Regarding the Revell and Airfix Mayflowers - the two companies' interpretations of the ship are quite different. Both Revell kits are based on the Mayflower II, the only difference between them being the scales. (The smaller one is about 16" long overall; I don't remember just how long the larger one is. Woodburner - are you there?) I'm not sure what the origin of the Airfix design was. It bears some resemblance - but only some - to the reconstructed version done by R.C. Anderson back in the 1920s or thereabouts.
All three kits are quite good. The Airfix one doesn't have quite the level of detail of the Revell ones; the planks don't have "wood grain," and the gunports are represented as countersunk squares, with "dummy" gun barrrels plugged into holes in their middles. (The Revell kits have their gunport lids molded shut.) If I had all the time in the world I'd consider building both, as a demonstration of how much variation there can be in interpreting the shapes of old ships about which so little hard information is available.
Regarding Mondfeld and the Revell Golden Hind - I don't have Mr. Mondfeld's book in front of me (it's in the workshop, which is in the back yard, and it's pouring down rain at the moment), so it would be improper for me to offer any really specific comments. I did, however, dig up a review of the book, by the late Dana McCalip, in the Nautical Research Journal. (Dana was a friend of mine; he knew what he was talking about.) He gives the publication date of the book as 1985. (That's the English-language edition; the original German one may have appeared a little earlier, but not much.) The Revell Golden Hind kit was originally issued, according to Dr. Graham's book, in 1965. I think we can rule out the possibility that Mr. Mondfeld's book had anything to do with the origin of the kit. (I suppose it's conceivable that things worked the other way around: that Mr. Mondfeld based his drawing on the Revell kit. But I doubt it. He seems to have had little if any interest in plastic models.)
Revell seems to have been rather secretive, for some reason, about the historical sources on which that kit is based. In another Forum thread another member, Papillon, matched it with a set of plans in a book published by a German author, Rolf Hoeckel, in a book entitled Risse von Kriegschiffe des 17th Jh, which apparently was originally published sometime in the 1940s. I got hold of a copy of that book; the plans in it do indeed match the Revell kit quite closely. I remain uncertain whether Mr. Hoeckel drew them himself, or based them on some other source. (A couple of British authors, Clive Millward and Stanley Rodgers, published plans of Elizabethan ships at about the same time; I haven't compared their plans and Mr. Hoeckel's closely. Nor can I say for certain how, if at all, those plans relate to the ones in the Mondfeld book.)

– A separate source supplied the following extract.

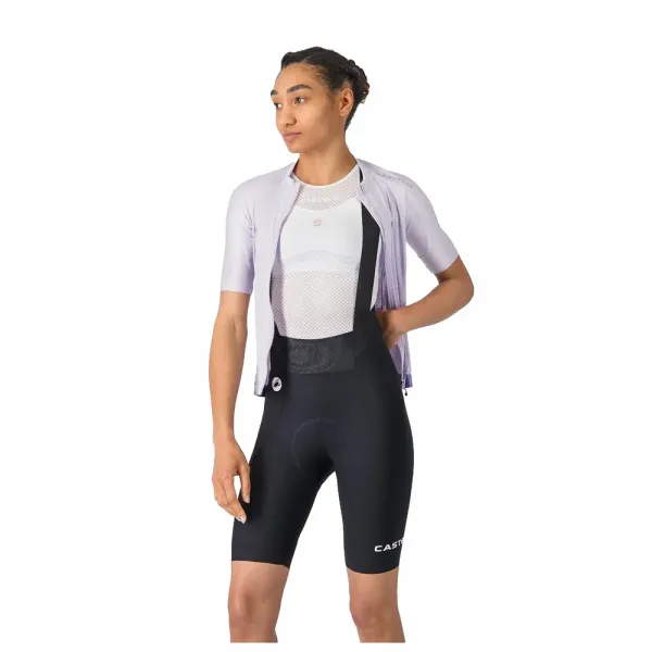 편안함과 완벽한 핏을 위한 Castelli 엔지니어링 에스프레소 도피오 원단 실리콘 그리퍼가 있는 로우컷 레그 엔딩 편안함과 쉬운 휴식을 위한 드롭 테일 스트레치 빕 스트랩 하루 종일 편안함을 위한 Progetto X2 Air Seamless Donna 시트 패드 저지와 더 부드러운 인터페이스를 위한 접힌 경량 메쉬의 확장된 전면 및 후면 패널 빕쇼트와 저지가 만나는 부분을 위한 편안함과 커버리지 향상 설계.

What's most important, I think, is that the plans - whatever their origin - are good. I continue to put the Revell Golden Hind (along with the same company's two versions of the Mayflower) high on my personal list of the best plastic sailing ship kits.
This brings up another general topic: the reliability of the Mondfeld book, which seems to be pretty popular (and recently appeared in a new paperback edition). I'm not really familiar with Mr. Mondfeld's credentials; he seems to know a good deal about ships and ship models. But scarcely any of the illlustrations in that book are original. Dana McCalip's review of it makes the same observation I made the first time I looked at it: most of the drawings are copied out of other secondary sources. Dana comments that "it was quite obvious that Mondfeld had copied or traced the works of these other authors and made slight variations to avoid copyright infringement," and calls it "puzzling...that there are no acknowledgments as to the sources of information in the book or whom the illustrations were based on." He goes on to note that, while the book is useful as a highly generalized introduction to the subject, it is not to be relied upon for information about specific ships.
My opinion of the book is about the same. There aren't a lot of "beginner books" on ship modeling - and few of the ones that are available are much good. (Many of the "beginner book" authors, I fear, never got beyond beginner status themselves. And veteran ship modelers tend to write books and articles that show off advanced techniques, which beginners are likely to find either confusing or discouraging.) When people ask me to recommend books for newcomers to the hobby, Mr. Mondfeld's book is always high on the list I give them. (Others include George Campbell's Neophyte Shipmodeler's Jackstay and Ben Lankford's How To Build First-Rate Ship Models From Kits.) Dana McCalip says that the errors and omissions from Mr. Mondfeld's book are "a shame, because what could have been an outstanding compendium on the subject can only be considered average. I would still heartily recommend this book to any serious minded beginner as a book to use as a foundation on which to build a more comprehensive liberary." I agree.